Prompt :: Beginning with the line that contains "Şehir, merkezinin her", retype the entries below exactly, ending with the line that contains "Studying the nervous". Leave out any pictures.

Supplied data ::
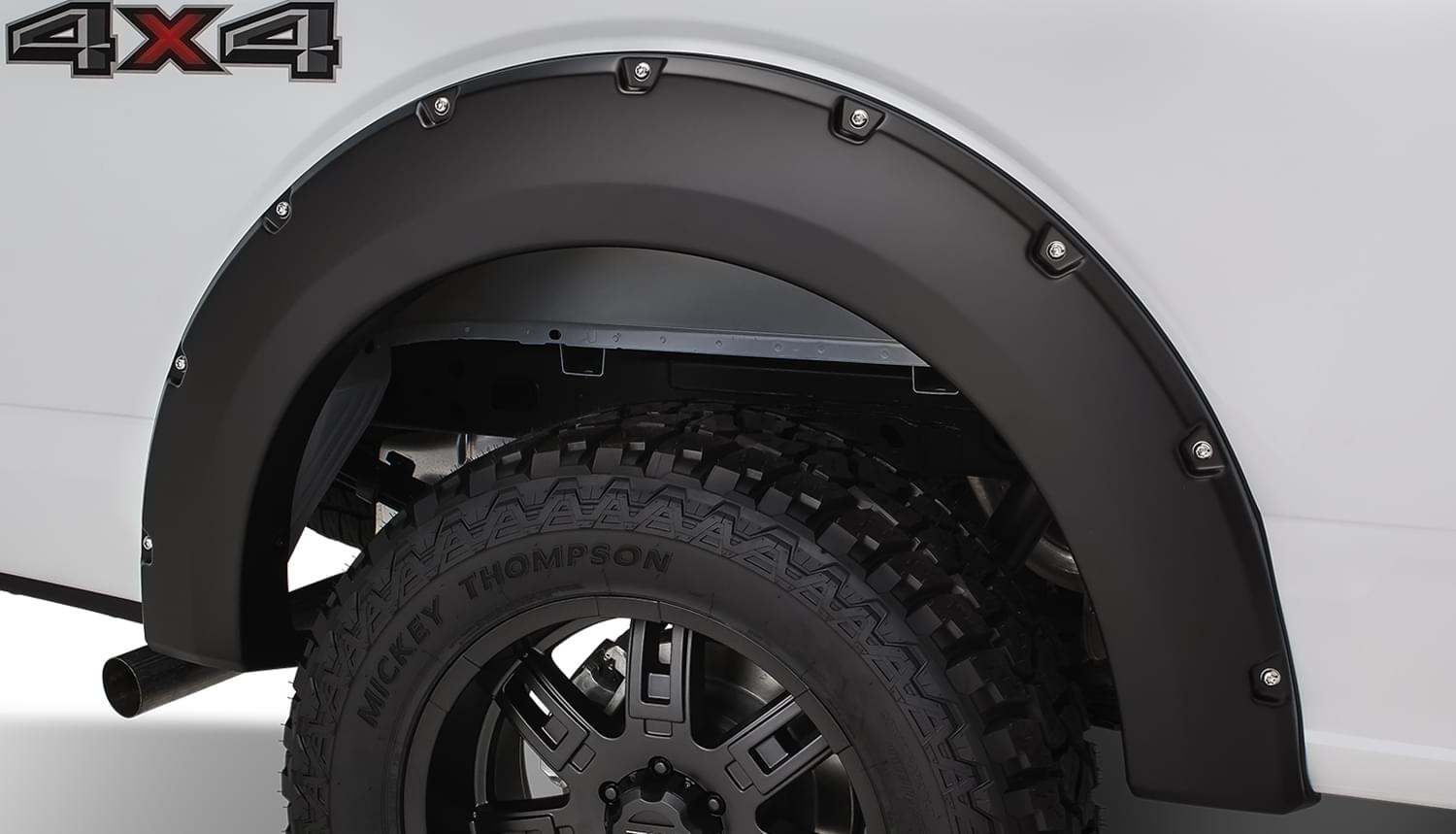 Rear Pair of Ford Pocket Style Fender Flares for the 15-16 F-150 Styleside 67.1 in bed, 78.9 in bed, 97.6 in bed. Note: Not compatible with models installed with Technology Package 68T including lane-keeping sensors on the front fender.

--

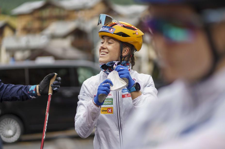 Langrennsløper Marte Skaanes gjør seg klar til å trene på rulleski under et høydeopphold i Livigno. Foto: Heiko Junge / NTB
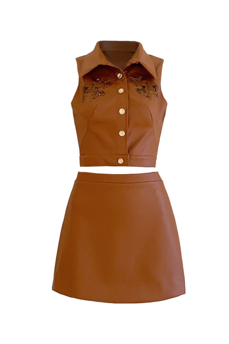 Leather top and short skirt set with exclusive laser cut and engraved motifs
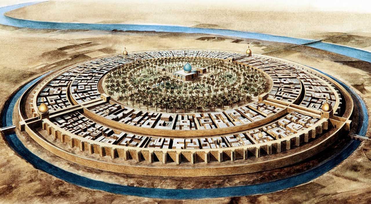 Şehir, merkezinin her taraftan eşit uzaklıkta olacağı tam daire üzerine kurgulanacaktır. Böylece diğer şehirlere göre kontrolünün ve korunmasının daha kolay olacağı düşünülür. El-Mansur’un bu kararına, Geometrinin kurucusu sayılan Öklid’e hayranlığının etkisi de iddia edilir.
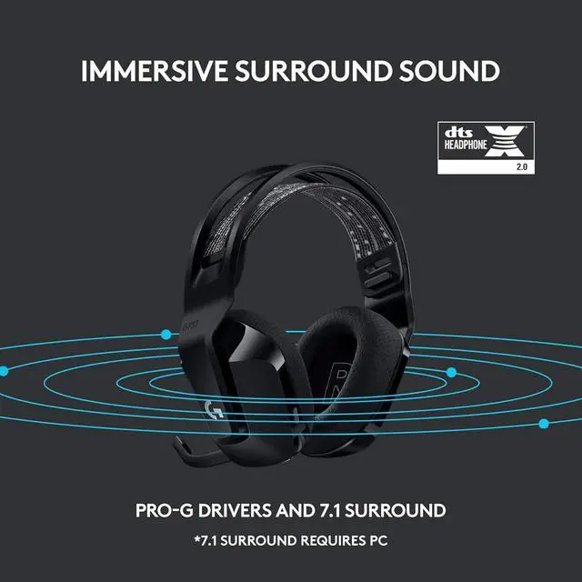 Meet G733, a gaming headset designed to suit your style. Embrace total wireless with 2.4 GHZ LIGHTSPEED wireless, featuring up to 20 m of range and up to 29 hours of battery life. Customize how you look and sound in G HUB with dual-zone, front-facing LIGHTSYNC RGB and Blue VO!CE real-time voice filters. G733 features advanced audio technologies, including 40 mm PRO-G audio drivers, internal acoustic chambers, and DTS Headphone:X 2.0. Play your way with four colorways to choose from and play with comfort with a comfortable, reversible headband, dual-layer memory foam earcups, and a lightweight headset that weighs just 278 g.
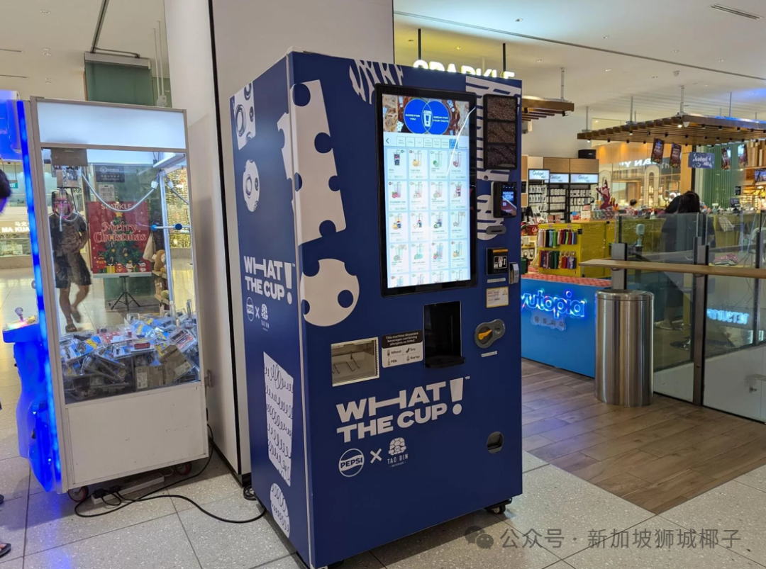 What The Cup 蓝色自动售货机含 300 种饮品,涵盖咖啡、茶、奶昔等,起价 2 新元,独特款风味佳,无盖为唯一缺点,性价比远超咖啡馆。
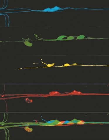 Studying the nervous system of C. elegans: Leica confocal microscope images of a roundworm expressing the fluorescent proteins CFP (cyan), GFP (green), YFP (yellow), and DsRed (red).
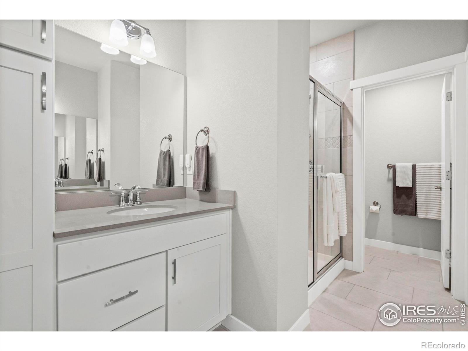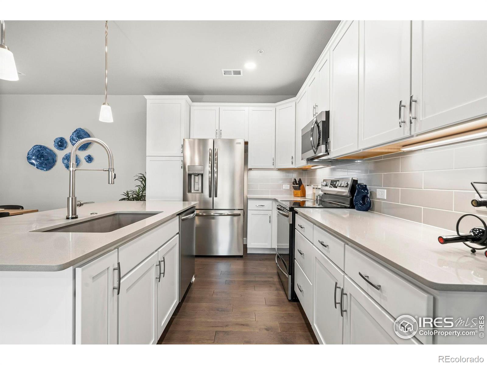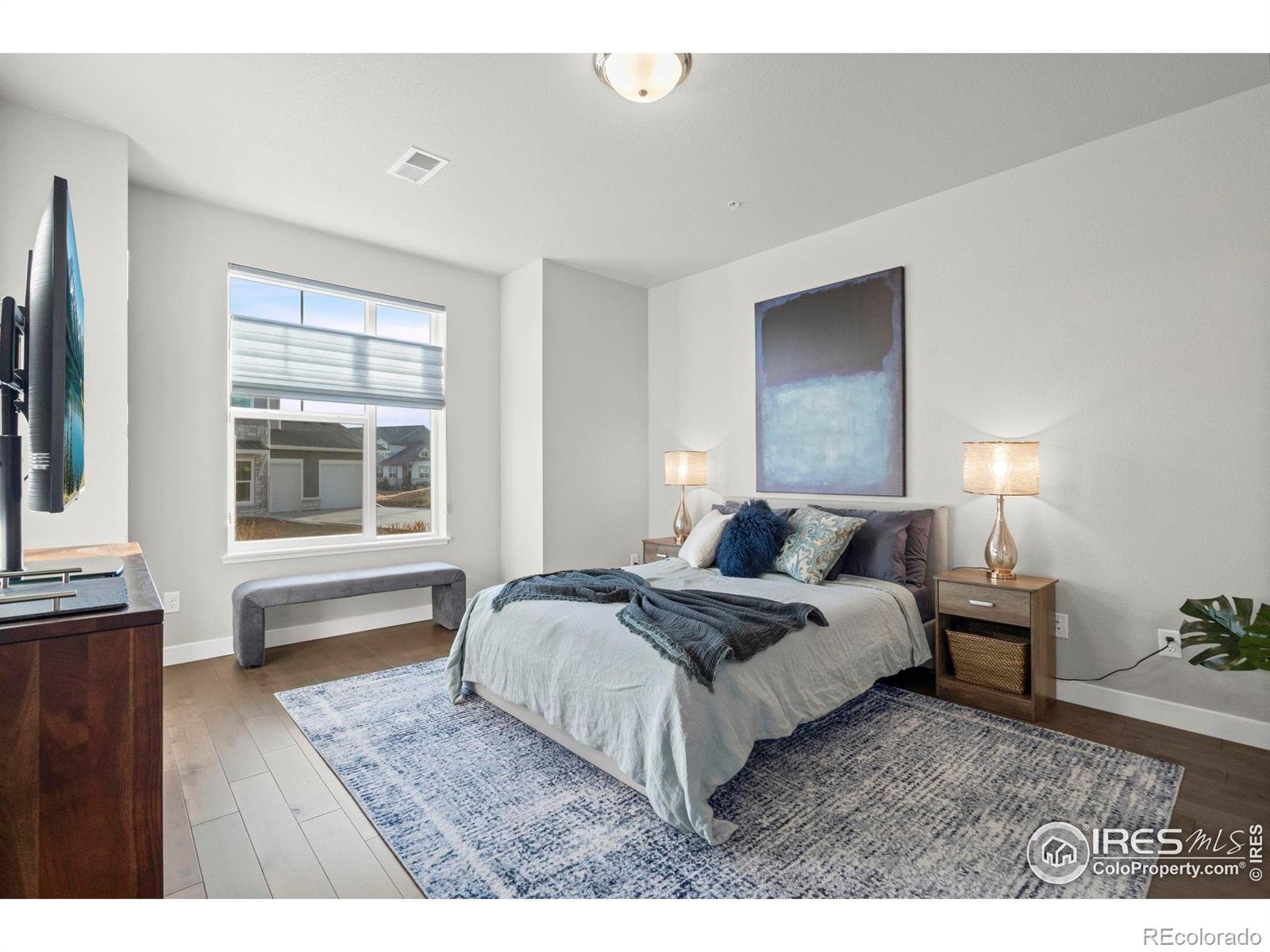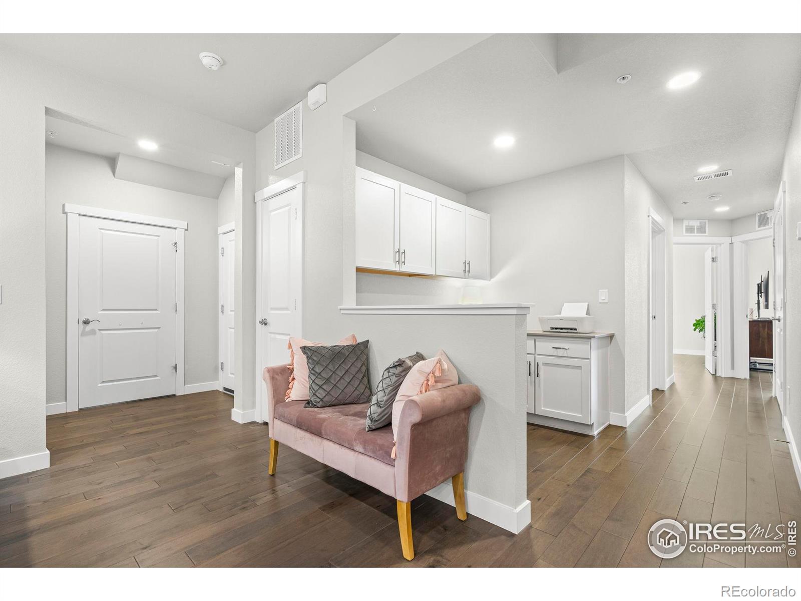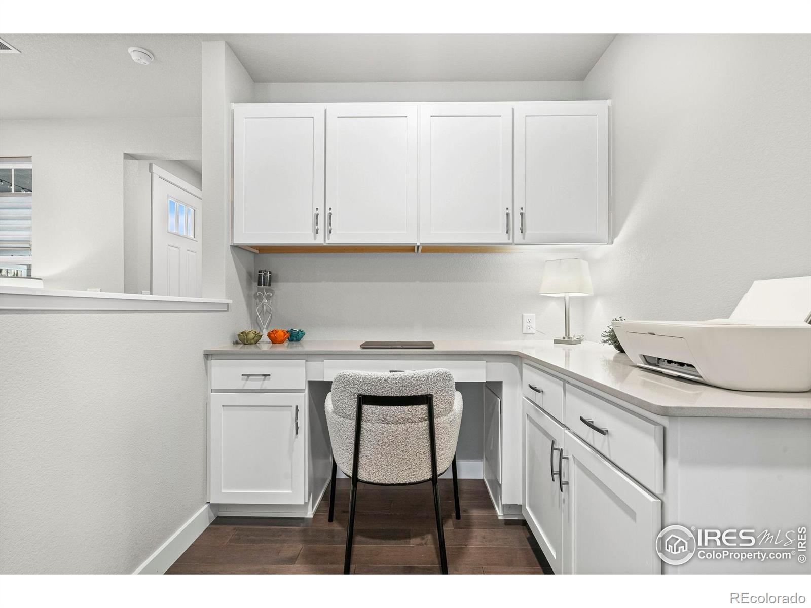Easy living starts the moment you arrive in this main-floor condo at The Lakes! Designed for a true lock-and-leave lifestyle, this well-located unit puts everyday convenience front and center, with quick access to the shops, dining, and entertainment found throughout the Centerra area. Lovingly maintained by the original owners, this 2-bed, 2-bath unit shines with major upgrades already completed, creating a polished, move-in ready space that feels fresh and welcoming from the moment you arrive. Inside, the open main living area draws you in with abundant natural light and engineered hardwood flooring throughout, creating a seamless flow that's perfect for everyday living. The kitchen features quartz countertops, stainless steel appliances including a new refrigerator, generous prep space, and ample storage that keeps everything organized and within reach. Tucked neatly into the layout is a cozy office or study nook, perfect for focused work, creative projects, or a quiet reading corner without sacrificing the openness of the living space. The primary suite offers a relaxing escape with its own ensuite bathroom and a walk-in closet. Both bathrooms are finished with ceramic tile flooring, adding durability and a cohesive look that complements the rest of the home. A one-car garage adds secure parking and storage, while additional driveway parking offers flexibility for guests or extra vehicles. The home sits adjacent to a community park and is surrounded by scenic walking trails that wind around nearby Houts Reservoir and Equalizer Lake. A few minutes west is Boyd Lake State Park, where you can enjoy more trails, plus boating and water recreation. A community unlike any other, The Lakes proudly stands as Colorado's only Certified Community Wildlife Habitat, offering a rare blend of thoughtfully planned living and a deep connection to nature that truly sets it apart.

Task result ::
 Şehir, merkezinin her taraftan eşit uzaklıkta olacağı tam daire üzerine kurgulanacaktır. Böylece diğer şehirlere göre kontrolünün ve korunmasının daha kolay olacağı düşünülür. El-Mansur’un bu kararına, Geometrinin kurucusu sayılan Öklid’e hayranlığının etkisi de iddia edilir.
 Meet G733, a gaming headset designed to suit your style. Embrace total wireless with 2.4 GHZ LIGHTSPEED wireless, featuring up to 20 m of range and up to 29 hours of battery life. Customize how you look and sound in G HUB with dual-zone, front-facing LIGHTSYNC RGB and Blue VO!CE real-time voice filters. G733 features advanced audio technologies, including 40 mm PRO-G audio drivers, internal acoustic chambers, and DTS Headphone:X 2.0. Play your way with four colorways to choose from and play with comfort with a comfortable, reversible headband, dual-layer memory foam earcups, and a lightweight headset that weighs just 278 g.
 What The Cup 蓝色自动售货机含 300 种饮品,涵盖咖啡、茶、奶昔等,起价 2 新元,独特款风味佳,无盖为唯一缺点,性价比远超咖啡馆。
 Studying the nervous system of C. elegans: Leica confocal microscope images of a roundworm expressing the fluorescent proteins CFP (cyan), GFP (green), YFP (yellow), and DsRed (red).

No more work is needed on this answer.